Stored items
----------------

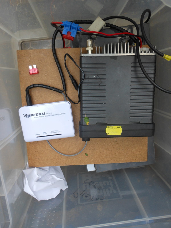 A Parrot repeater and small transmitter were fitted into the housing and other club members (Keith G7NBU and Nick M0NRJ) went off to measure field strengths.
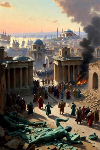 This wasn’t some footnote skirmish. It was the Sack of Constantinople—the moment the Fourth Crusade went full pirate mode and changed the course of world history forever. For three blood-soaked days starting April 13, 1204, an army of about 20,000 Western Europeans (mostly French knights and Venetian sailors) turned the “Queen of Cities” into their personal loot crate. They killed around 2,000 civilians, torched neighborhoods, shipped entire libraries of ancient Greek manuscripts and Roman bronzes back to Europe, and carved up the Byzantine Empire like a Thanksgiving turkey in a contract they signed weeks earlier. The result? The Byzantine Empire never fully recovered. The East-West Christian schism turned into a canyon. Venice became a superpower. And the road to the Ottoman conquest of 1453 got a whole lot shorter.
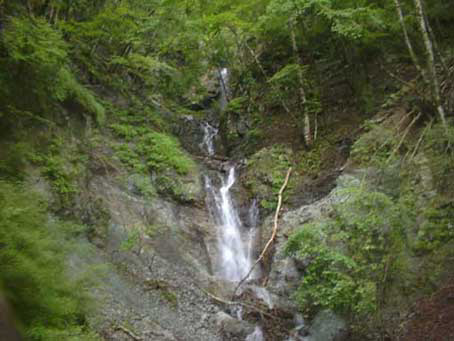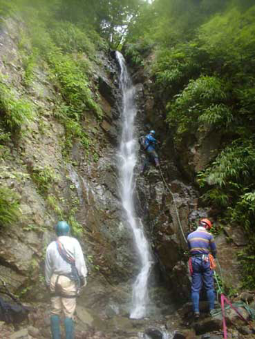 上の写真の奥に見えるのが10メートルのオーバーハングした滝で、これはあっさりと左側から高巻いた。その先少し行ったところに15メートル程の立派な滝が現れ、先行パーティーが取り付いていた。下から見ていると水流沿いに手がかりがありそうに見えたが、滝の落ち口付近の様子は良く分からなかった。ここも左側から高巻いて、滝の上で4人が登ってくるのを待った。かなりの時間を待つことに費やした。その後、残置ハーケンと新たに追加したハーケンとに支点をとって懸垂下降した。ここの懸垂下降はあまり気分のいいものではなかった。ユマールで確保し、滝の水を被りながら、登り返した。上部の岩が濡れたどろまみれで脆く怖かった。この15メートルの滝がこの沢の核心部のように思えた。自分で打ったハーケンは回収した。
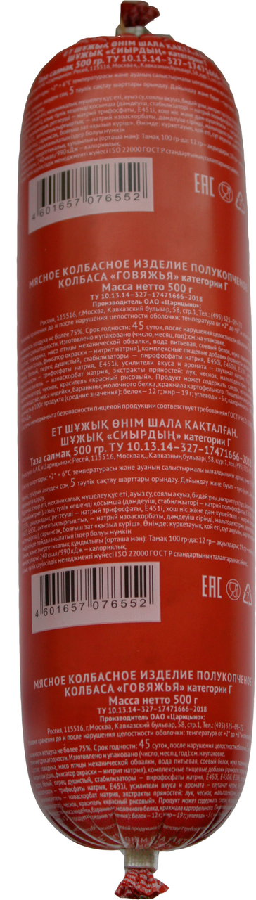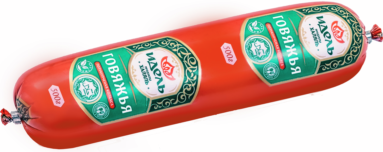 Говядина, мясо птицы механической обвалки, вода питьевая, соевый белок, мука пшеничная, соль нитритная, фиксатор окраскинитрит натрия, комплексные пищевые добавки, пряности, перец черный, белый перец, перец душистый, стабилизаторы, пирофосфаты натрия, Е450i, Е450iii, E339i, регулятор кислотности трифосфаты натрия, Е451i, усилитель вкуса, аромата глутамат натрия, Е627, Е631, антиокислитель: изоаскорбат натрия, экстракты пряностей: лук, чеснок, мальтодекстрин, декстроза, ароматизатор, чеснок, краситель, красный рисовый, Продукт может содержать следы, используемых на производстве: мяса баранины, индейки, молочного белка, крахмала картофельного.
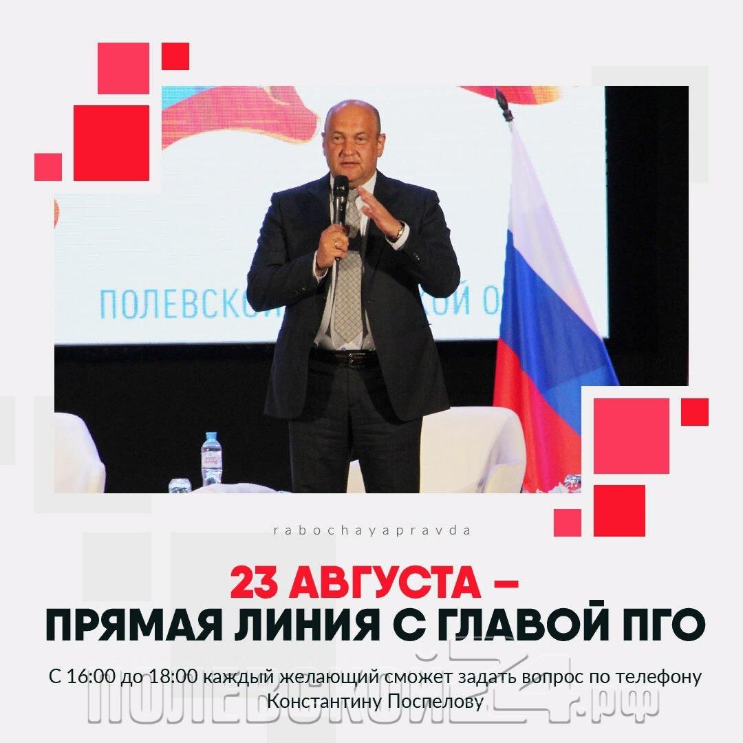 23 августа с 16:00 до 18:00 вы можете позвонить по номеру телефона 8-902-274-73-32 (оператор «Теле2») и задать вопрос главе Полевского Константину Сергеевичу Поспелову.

----------------

Please reproduce the entries above exactly, omitting every picture.

§ **Exercise response**
 A Parrot repeater and small transmitter were fitted into the housing and other club members (Keith G7NBU and Nick M0NRJ) went off to measure field strengths.
 This wasn’t some footnote skirmish. It was the Sack of Constantinople—the moment the Fourth Crusade went full pirate mode and changed the course of world history forever. For three blood-soaked days starting April 13, 1204, an army of about 20,000 Western Europeans (mostly French knights and Venetian sailors) turned the “Queen of Cities” into their personal loot crate. They killed around 2,000 civilians, torched neighborhoods, shipped entire libraries of ancient Greek manuscripts and Roman bronzes back to Europe, and carved up the Byzantine Empire like a Thanksgiving turkey in a contract they signed weeks earlier. The result? The Byzantine Empire never fully recovered. The East-West Christian schism turned into a canyon. Venice became a superpower. And the road to the Ottoman conquest of 1453 got a whole lot shorter.
 上の写真の奥に見えるのが10メートルのオーバーハングした滝で、これはあっさりと左側から高巻いた。その先少し行ったところに15メートル程の立派な滝が現れ、先行パーティーが取り付いていた。下から見ていると水流沿いに手がかりがありそうに見えたが、滝の落ち口付近の様子は良く分からなかった。ここも左側から高巻いて、滝の上で4人が登ってくるのを待った。かなりの時間を待つことに費やした。その後、残置ハーケンと新たに追加したハーケンとに支点をとって懸垂下降した。ここの懸垂下降はあまり気分のいいものではなかった。ユマールで確保し、滝の水を被りながら、登り返した。上部の岩が濡れたどろまみれで脆く怖かった。この15メートルの滝がこの沢の核心部のように思えた。自分で打ったハーケンは回収した。
 Говядина, мясо птицы механической обвалки, вода питьевая, соевый белок, мука пшеничная, соль нитритная, фиксатор окраскинитрит натрия, комплексные пищевые добавки, пряности, перец черный, белый перец, перец душистый, стабилизаторы, пирофосфаты натрия, Е450i, Е450iii, E339i, регулятор кислотности трифосфаты натрия, Е451i, усилитель вкуса, аромата глутамат натрия, Е627, Е631, антиокислитель: изоаскорбат натрия, экстракты пряностей: лук, чеснок, мальтодекстрин, декстроза, ароматизатор, чеснок, краситель, красный рисовый, Продукт может содержать следы, используемых на производстве: мяса баранины, индейки, молочного белка, крахмала картофельного.
 23 августа с 16:00 до 18:00 вы можете позвонить по номеру телефона 8-902-274-73-32 (оператор «Теле2») и задать вопрос главе Полевского Константину Сергеевичу Поспелову.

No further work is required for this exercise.